Audience. The material to hand most easily for this research and demonstration project is that which has already been digitized in DLF libraries. Typically, to date, this biases heavily towards text and images, and predominantly in the humanities and social sciences (so much so, in fact, that in our discussions of the DLF distributed library we have raised again the notion of using it as the seed for a national library for the humanities). Brockman, et al, in the abstract to Scholarly Work in the Humanities and the Evolving Information Environment, have reminded us "in particular, the findings emphasize how important it is for libraries to chart their evolutionary course in close consultation with scholarly user communities." Working with our scholarly advisory group (see below) we plan to extract out of the larger collection of records some area or areas of subject focus--The American South and/or American literature would be likely candidates. This builds on existing communities of interest and our own sense of what is in our collections and--if at all possible--would allow us to extend our examination of how scholars and teachers use a metadata-based finding system into some ongoing research and classroom projects.

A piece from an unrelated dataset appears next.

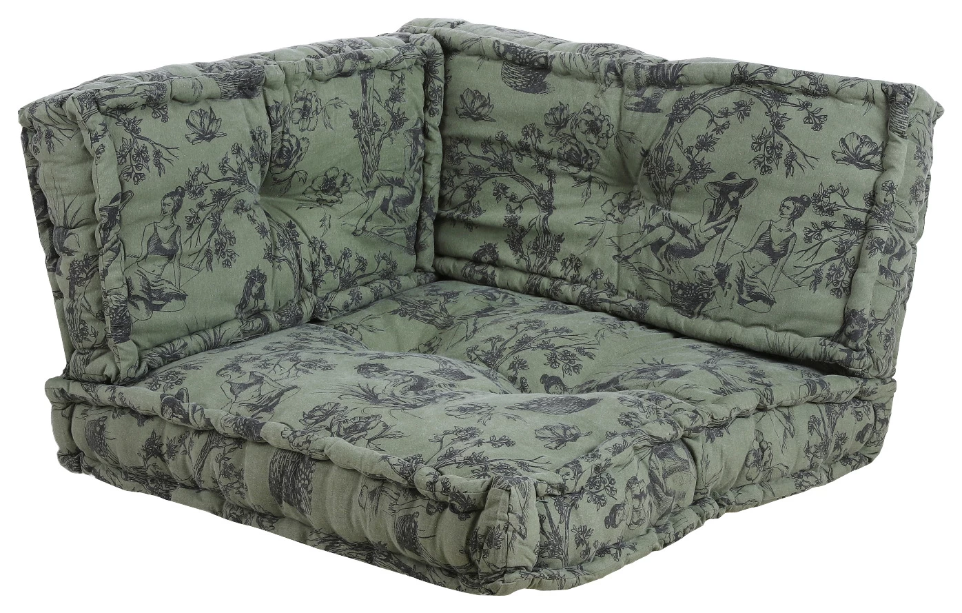 Deze kussenset past op de pallet hoekbank Trevor (artikelnummer: 626207). Met de palletkussens Sinne maak je van een pallet heel gemakkelijk een comfortabele zitplaats. De kussens van groen gewassen canvas met print bestaan uit een zit- en een ruggedeelte. Dit kussen is speciaal geschikt voor palletonderstel Trevor hoekstuk. Zowel het binnen- als het buitenmateriaal bestaat uit 100% katoen.

The DLF Registry of digital collections, currently being updated with material up to December 2004, will be of considerable aid in this work.


Assessment of Needs. From their own work and that of close colleagues, the participants from Emory, Michigan, and UIUC have a firm grasp of what relevant work has been done to evaluate OAI-based services, and what is going on to improve them.

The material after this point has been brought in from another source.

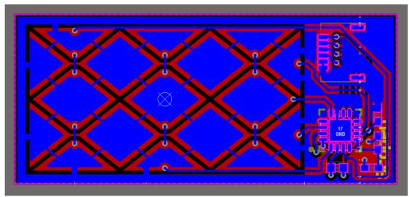 在电路板的第一次迭代中,我们观察到了地偏移现象 [9]。我们意识到,当笔由电源线供电时,触摸传感器工作完美;但如果我们断开电源线由电池供电,触摸传感器就会变得非常不稳定。地偏移现象可以通过增加触摸板与局部地之间的寄生电容来抵消,这样即使移除了大地,寄生电容也不会发生大的变化。具体而言,这可以通过在每个菱形区域下方放置一个局部地来实现,如图 6 所示。

In addition, the DLF commissioned Brogan to undertake a Survey of Digital Library Aggregation Services, which provided an overview of a diverse set of more than thirty digital library aggregation services, organizing them into functional clusters, and then evaluating them from the perspective of an informed user. Most of the services under review rely wholly or partially on OAI-PMH, and the conclusions of this study are ones that will guide part of our research. Her findings urge cautious optimism but show plenty of room for major improvement in precisely the areas we concentrate on here.

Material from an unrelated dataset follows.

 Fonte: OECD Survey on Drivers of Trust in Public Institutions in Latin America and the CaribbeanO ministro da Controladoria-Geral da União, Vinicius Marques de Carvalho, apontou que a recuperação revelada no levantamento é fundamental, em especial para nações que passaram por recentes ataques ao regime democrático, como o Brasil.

Most important is the current IMLS-funded work at UIUC, Digital Collections and Content (DCC), a three-year effort to build a national infrastructure for adaptable, interoperable, and sustainable digital collections, which uses OAI-PMH to harvest metadata from current and past IMLS National Leadership Grants (NLG) awardees with digital collections. The current DLF submittal to the IMLS NLG program proposes explicitly to build on and extend important facets of the current UIUC project.  Specifically, this new and deliberately complementary proposal focuses on a more homogeneous universe of digital collections and institutions, which will allow the DLF researchers to go further in developing more advanced standards, recommended best practices, and training approaches expressly tailored for academic research libraries. Development of these standards will build on research undertaken on our broader based project at Illinois into metadata schema implementations and authoring practices within the community of IMLS grantees, and will inform and be informed by the ongoing involvement of many DLF members in the evolution of metadata standards like Dublin Core, MODS, EAD, and METS. This work promises to further advance and prove in yet another domain the usefulness of OAI as a technology for sharing descriptive metadata.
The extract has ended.